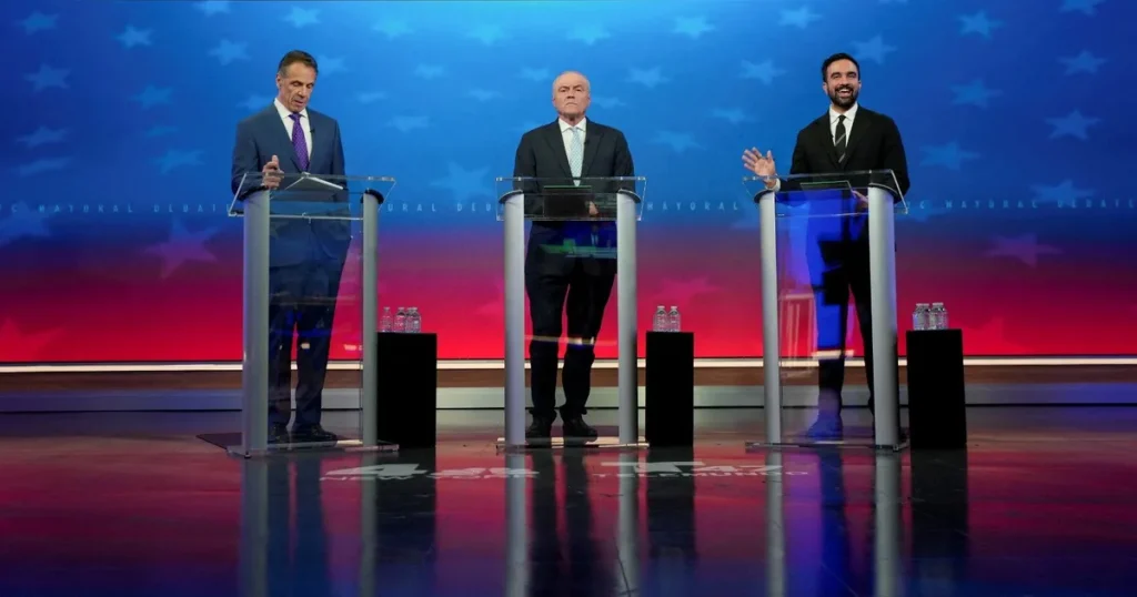جرت أول مناظرة في الانتخابات العامة لمنصب عمدة مدينة نيويورك في أجواء محتدمة، تبادل خلالها المرشحون الثلاثة، زهران ممداني عن الحزب الديمقراطي والحاكم السابق لولاية نيويورك أندرو كومو، والمرشح الجمهوري كورتس سيلوا، الاتهامات حول عدد من القضايا، فيما استحوذت الحرب الإسرائيلية على غزة على جزء كبير من النقاش.
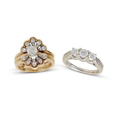 both signed for fourteen karat and set with round brilliant, old European and single-cut diamonds; estimated total diamond weight: 1.65 carats.
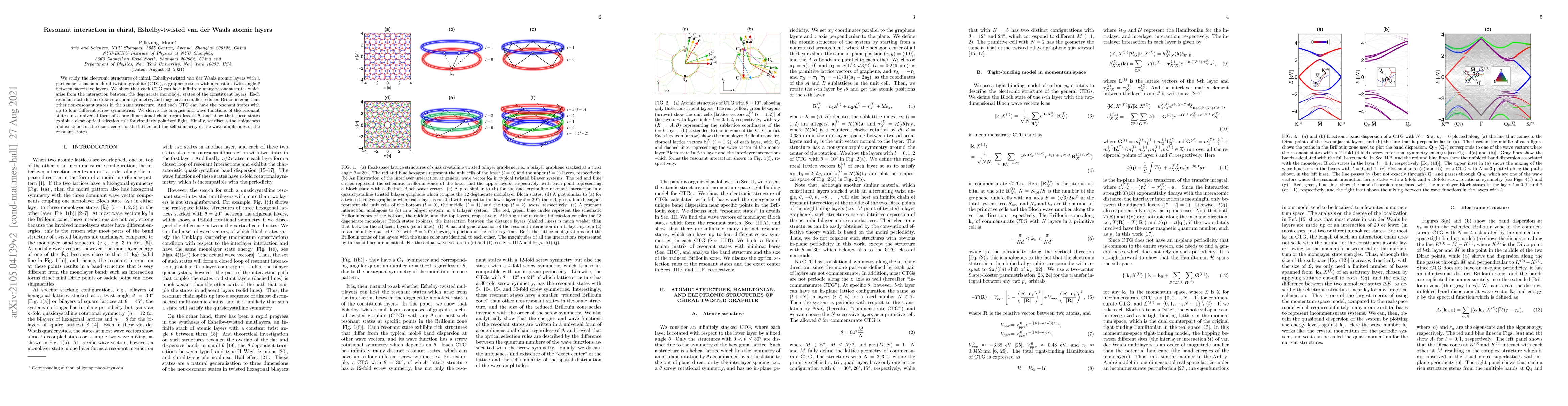 We study the electronic structures of chiral, Eshelby-twisted van der Waals atomic layers with a particular focus on a chiral twisted graphite (CTG), a graphene stack with a constant twist angle $\theta$ between successive layers. We show that each CTG can host infinitely many resonant states which arise from the interaction between the degenerate monolayer states of the constituent layers. Each resonant state has a screw rotational symmetry, and may have a smaller reduced Brillouin zone than other non-resonant states in the same structure. And each CTG can have the resonant states with up to four different screw symmetries. We derive the energies and wave functions of the resonant states in a universal form of a one-dimensional chain regardless of $\theta$, and show that these states exhibit a clear optical selection rule for circularly polarized light. Finally, we discuss the uniqueness and existence of the exact center of the lattice and the self-similarity of the wave amplitudes of the resonant states.

——————

### WORK TASK
Only an exact copy of the lines from the one with "both signed for" through the last line of the listing should be given; pictures must not be included.

### YOUR SOLUTION
 both signed for fourteen karat and set with round brilliant, old European and single-cut diamonds; estimated total diamond weight: 1.65 carats.
 We study the electronic structures of chiral, Eshelby-twisted van der Waals atomic layers with a particular focus on a chiral twisted graphite (CTG), a graphene stack with a constant twist angle $\theta$ between successive layers. We show that each CTG can host infinitely many resonant states which arise from the interaction between the degenerate monolayer states of the constituent layers. Each resonant state has a screw rotational symmetry, and may have a smaller reduced Brillouin zone than other non-resonant states in the same structure. And each CTG can have the resonant states with up to four different screw symmetries. We derive the energies and wave functions of the resonant states in a universal form of a one-dimensional chain regardless of $\theta$, and show that these states exhibit a clear optical selection rule for circularly polarized light. Finally, we discuss the uniqueness and existence of the exact center of the lattice and the self-similarity of the wave amplitudes of the resonant states.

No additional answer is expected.